Baca Juga: FPK Diminta Beri Kontribusi Jaga Persatuan

Aksi masyarakat yang melakukan segel llahan tersebut karena sudah menunggu selama tujuh tahun, namun pembayaran tak kunjung dilakukan. Padahal, ia memperoleh informasi bahwa Kementerian Aga­ma telah mengucurkan anggaran senilai Rp 33 miliar untuk melunasi lahan warga setelah dilakukan pe­ngukuran lahan.

Azwar menuding, pihak kampus IAIN Ambon sudah melakukan transaksi pembayaran lahan untuk tahap pertama dan kedua senilai Rp27 miliar.
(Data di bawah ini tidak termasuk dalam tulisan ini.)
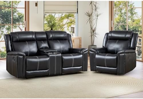 EBELLO Faux Leather Recliner Sofa Set, Includes a Manual Reclining 1 Seat Chair and a Loveseat Couch, Mid-Century Modern 3-Seater Furniture Set with Cup Holders and Storage, for Living Room, Black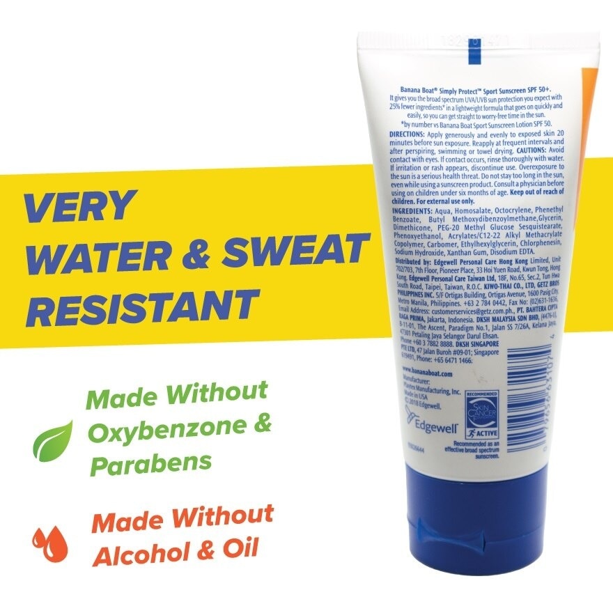 Banana Boat Sport Performance Sunscreen provides water- and sweat-resistant protection. Patented AvoTriplex technology helps prevent sunburn and skin damage while the Active Dry Protect formula delivers quick absorption and a non-greasy feel.

Namun, kata dia pem­bayaran tersebut bukan diperuntu­kan untuk pemilik lahan melainkan kepada oknum-oknum yang diklaim sebagai mafia tanah di Negeri Liang.
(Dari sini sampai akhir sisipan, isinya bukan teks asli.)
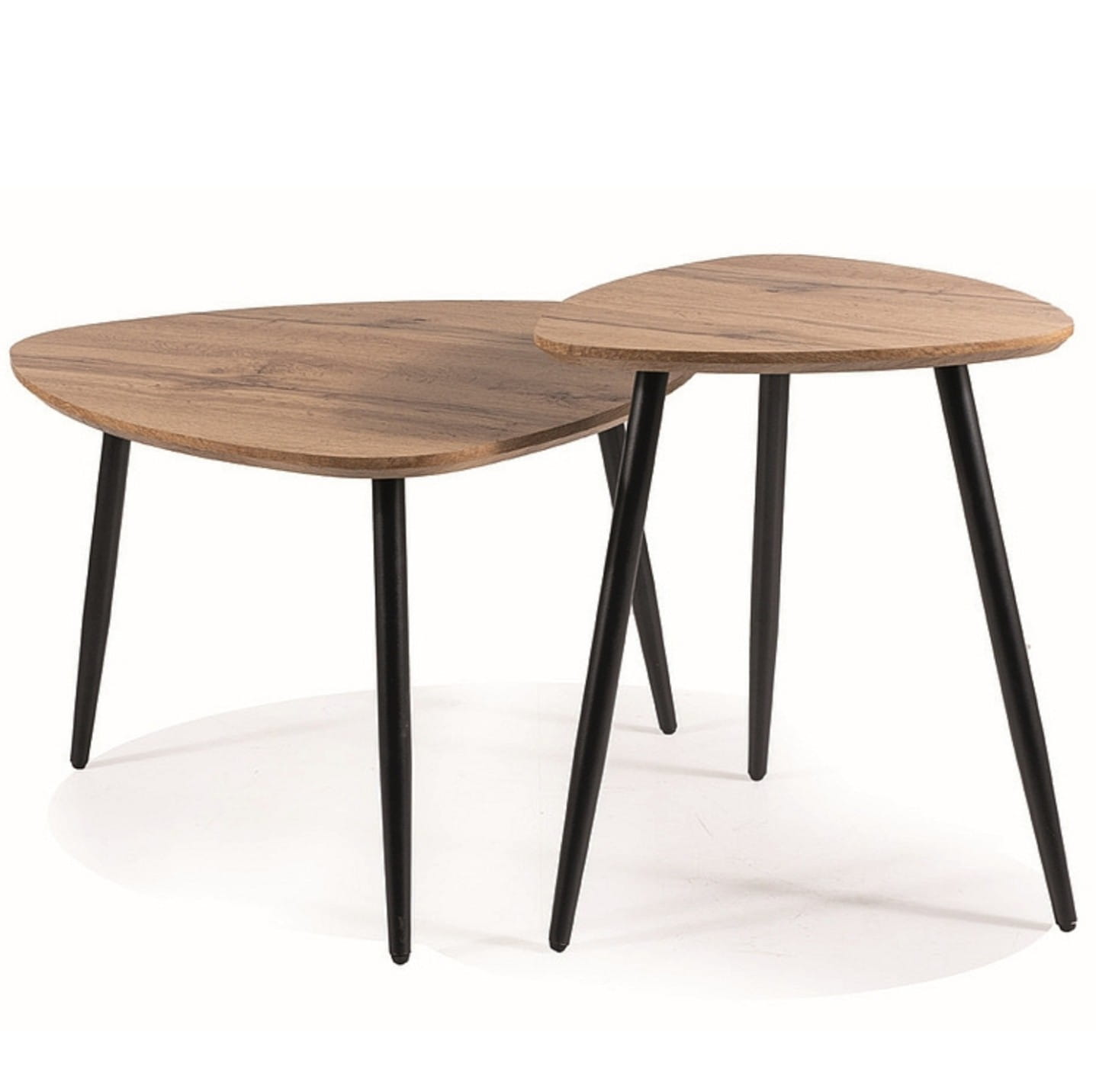 Zestaw stolików kawowych TWIN to połączenie nowoczesnego designu, funkcjonalności i ponadczasowej estetyki. Blaty w okleinie dąb artisan ocieplają wnętrze, a czarny, metalowy stelaż dodaje mu eleganckiej surowości. To idealny wybór dla osób, które cenią zarówno estetykę, jak i praktyczność. Zestaw 2 stolików o różnych rozmiarach umożliwia dowolne ustawienie – razem lub osobno, w zależności od potrzeb aranżacyjnych. Doskonale sprawdzą się jako nowoczesne stoliki pomocnicze do sofy, miejsca na dekoracje lub funkcjonalna przestrzeń do pracy z laptopem.

“Lahan ini digarap oleh leluhur kami sejak tahun 1800 atau sekitar 200 tahun silam, mereka garap lahan ini juga mendapat persetujuan dari Pemerintah Negeri Liang. Lahan ini sengaja dipalsukan dokumen oleh oknum-oknum mafia tanah di Negeri liang untuk mendapat duit dari proyek kampus ini, “ujarnya.

Saat ini, kata dia, warga yang klaim kepemilikan lahan belum satupun mendapatkan ganti rugi lahan dan tanaman. Mereka juga sempat kehi­langan tanaman yang siap dipanen.

Ia juga mengaku warga yang membela hak-hak mereka sempat mendapat intimidasi, diteror hingga dilarang beraktivitas berkebun oleh oknum-oknum mafia tanah yang diklaim berasal dari Negeri Liang.

Ia lantas meminta aparat kepo­lisian segera mengusut tuntas mafia tanah di Negeri Liang, Kecamatan Salahutu, Kabupaten Maluku Tengah. Ia juga meminta IAIN Ambon segera membayar ganti rugi lahan kepada kepemilihan lahan yang sebenarnya. Jika tidak, maka mereka akan terus memblokir segala aktivitas pembangunan Kampus IAIN.

“Kami sempat minta mediasi dengan IAIN Ambon untuk berdiskusi soal lahan, supaya IAIN tahu sebenarnya siapa pemilik lahan, cuma mereka menolak mediasi, “ucapnya.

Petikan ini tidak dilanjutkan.